Choose them carelessly: when you buy them, check that they are fresh and intact, of a bright color and without dents. Fresh are tough, with the stem that does not bend but – if forced – it breaks. Check that the tips are well closed, upright and crunchy and that the firm but not woody stems have a uniform color, without spots. An extra eye for asparagus in the center of the bunch, because they tend to deteriorate faster.

Do not peel the remaining stem: in theory, once you have measured the asparagus – aligning it on the side of the tip and eliminating the hard part of the stem, on the other side – there would be no need to peel the part that remained attached to the tip. Mistaken. Tender inside, even the thin wild asparagus can be fibrous on the outside: arm yourself with potato peeler or a paring knife, and scrape it from the tip (excluding it) towards the stem, with a very light hand (you will not want to find yourself with asparagus in julienne!) .

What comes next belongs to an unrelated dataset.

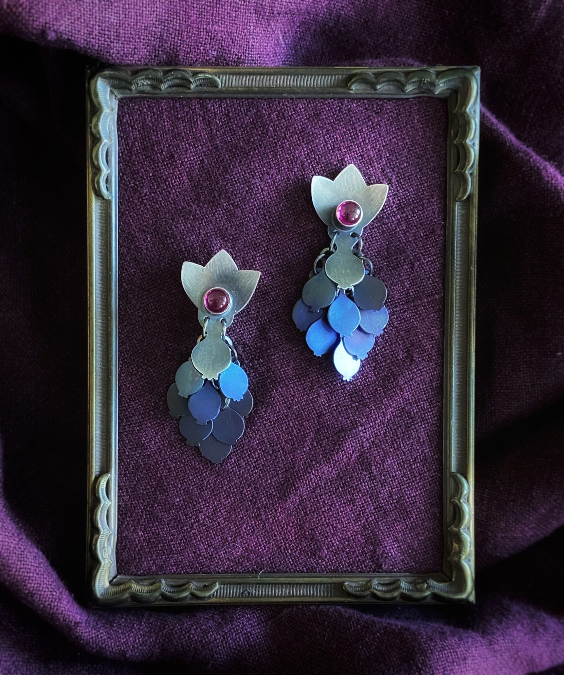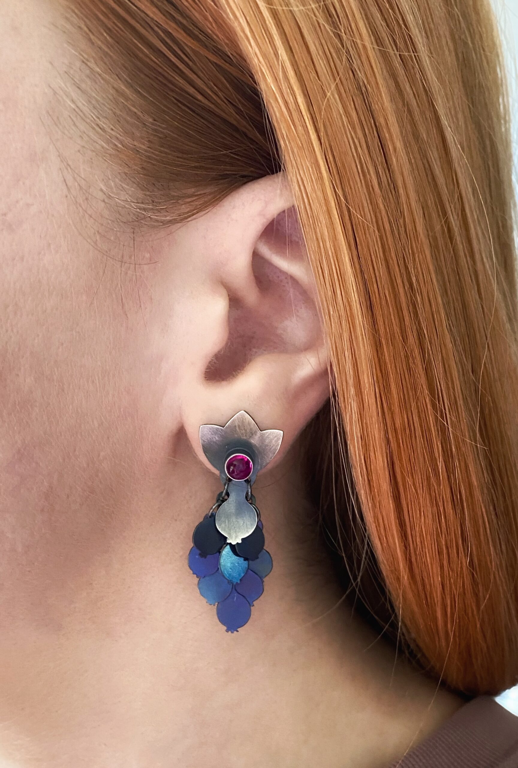 Need ‘Soomustatud’ kõrvarõngad on ainueksemplarid. Elegantsed sinakalt helklevaid marjakobaraid ehivad vaarikapunased kivid. Kaunid kõrvarõngad, mida sobib kanda ka pidulikematel puhkudel. Et sinakad detailid on valmistatud titaanist, on need ehted muljetavaldavalt kerged. ’Soomustatud’ kõrvarõngad on maitsekas lisand, mis suudab särama lüüa ka halli argipäeva. Ehted saadetakse mustas kinkekarbis.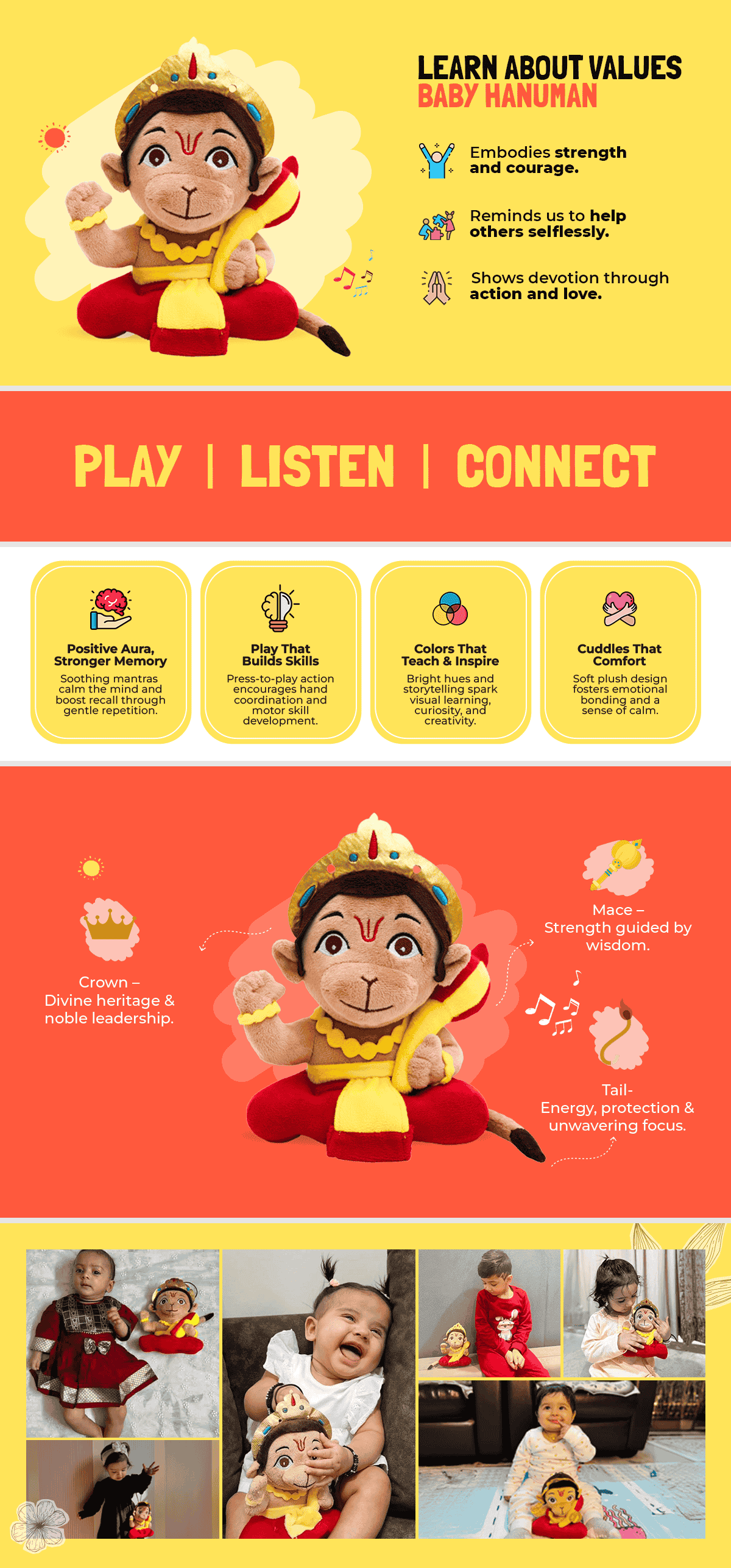 I would highly recommend this great product since it would help build their strong faith in God alongwith their development of sensory perception. Though our baby is too small to perceive the concept of God Hanuman , yet we feel to provide her with positive vibes by just playing the hanuman mantras. Also, the customer support service that I got was praiseworthy n satisfaction. 😇

Do not use the asparagus: tall and narrow, equipped with a basket and lid, the asparagus is the pot designed specifically for asparagus. For an optimal cooking they must be placed in the basket, closed in bunches and with the points facing upwards; the water in the pot should reach only half of the stem and do not forget the lid: in this way the stems will boil while the tips, softer, will steam, remaining more crispy. They will be ready when they "bow their heads". Alternatively, cook them lying down with steam, with a little water, checking the cooking because when the tips are ready the thicker stems will be a little behind.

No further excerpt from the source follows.